What is required: Copy out the lines beginning at the one with "蔚蓝海尚位于整个项目的东北角" and ending at the last line of the data, both included; pictures stay out.
____
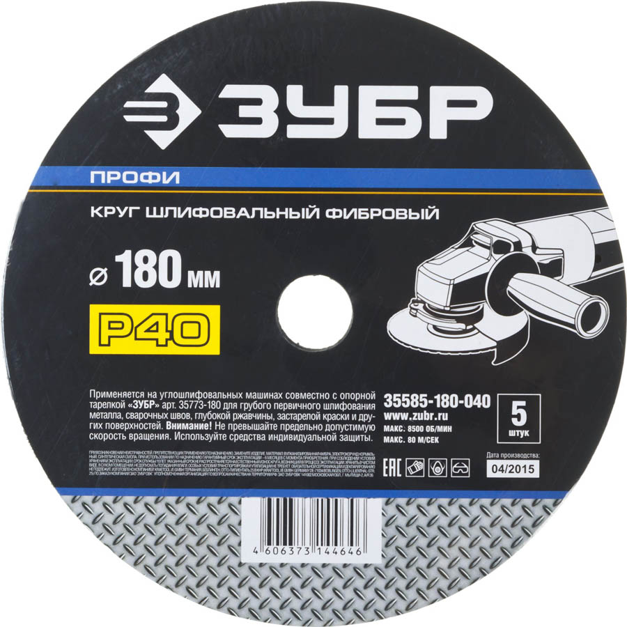 ЗУБР P40, 180х22 мм, 5 листов, круг шлифовальный фибровый для УШМ ПРОФИ 35585-180-040
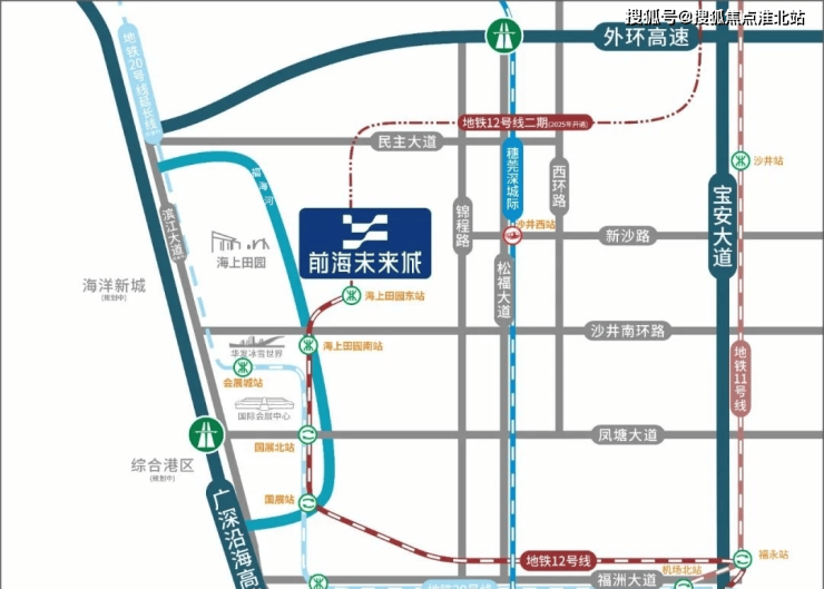 蔚蓝海尚位于整个项目的东北角,地块呈梯形,家门口就是12号地铁线“海上田园东站”,一期是最靠近地铁站的,2站到国展北站可以换乘20号线,6站到福永站还可以换乘11号线,快速通达宝中,南山区。
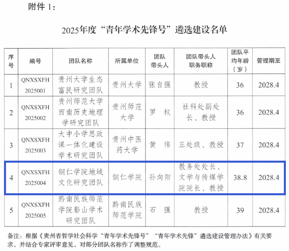 近日,贵州省社会科学联合会、贵州省教育厅公布了2025年度贵州省哲学社会科学“青年学术先锋号”评选结果。经组织申报、专家评审等环节,最终遴选出5个“青年学术先锋号”。由beat365英国官方网站教务处处长、文学与传媒学院院长孙向阳教授领衔的“beat365英国官方网站区域文化研究团队”成功入选,这标志着beat365英国官方网站哲学社会科学平台建设再上新台阶。
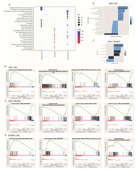 Nnt-dependent expression of pathways associated with respiration in the heart. (A) Over-representation analysis (ORA) dot plot of enriched KEGG pathways in DEGs of each comparison. ER—enrichment ratio; FDR—False Discovery Rate. (B,C) Gene Set Enrichment Analysis (GSEA) of DEGs in the B6N vs. B6J (B) and B6N vs. B6JBAC (C). (D–F) GSEA of whole expression dataset for B6N vs. B6J (D), B6N vs. B6JBAC (E) and B6JBAC vs. B6J (F). Selected gene sets displayed with an FDR < 0.25. A negative normalized enrichment score (NES) indicates a relative downregulation of the pathway in the first group compared to the second, and vice versa. n = 5 mice per group.
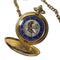 Vintage Pocket Watch on Chain Ted Blaylock for Franklin Mint. Chilkat Bald Eagle is at the center of four bands which are lined with gold dots. Franklin mint logo on back. Push button on top opens the lid. Connected to a 14.5" chain link strap. Secures with a hook closure. Embossed brown watch case has a snap closure, clasp hole and a belt clip.
____
Solution below:
 蔚蓝海尚位于整个项目的东北角,地块呈梯形,家门口就是12号地铁线“海上田园东站”,一期是最靠近地铁站的,2站到国展北站可以换乘20号线,6站到福永站还可以换乘11号线,快速通达宝中,南山区。
 近日,贵州省社会科学联合会、贵州省教育厅公布了2025年度贵州省哲学社会科学“青年学术先锋号”评选结果。经组织申报、专家评审等环节,最终遴选出5个“青年学术先锋号”。由beat365英国官方网站教务处处长、文学与传媒学院院长孙向阳教授领衔的“beat365英国官方网站区域文化研究团队”成功入选,这标志着beat365英国官方网站哲学社会科学平台建设再上新台阶。
 Nnt-dependent expression of pathways associated with respiration in the heart. (A) Over-representation analysis (ORA) dot plot of enriched KEGG pathways in DEGs of each comparison. ER—enrichment ratio; FDR—False Discovery Rate. (B,C) Gene Set Enrichment Analysis (GSEA) of DEGs in the B6N vs. B6J (B) and B6N vs. B6JBAC (C). (D–F) GSEA of whole expression dataset for B6N vs. B6J (D), B6N vs. B6JBAC (E) and B6JBAC vs. B6J (F). Selected gene sets displayed with an FDR < 0.25. A negative normalized enrichment score (NES) indicates a relative downregulation of the pathway in the first group compared to the second, and vice versa. n = 5 mice per group.
 Vintage Pocket Watch on Chain Ted Blaylock for Franklin Mint. Chilkat Bald Eagle is at the center of four bands which are lined with gold dots. Franklin mint logo on back. Push button on top opens the lid. Connected to a 14.5" chain link strap. Secures with a hook closure. Embossed brown watch case has a snap closure, clasp hole and a belt clip.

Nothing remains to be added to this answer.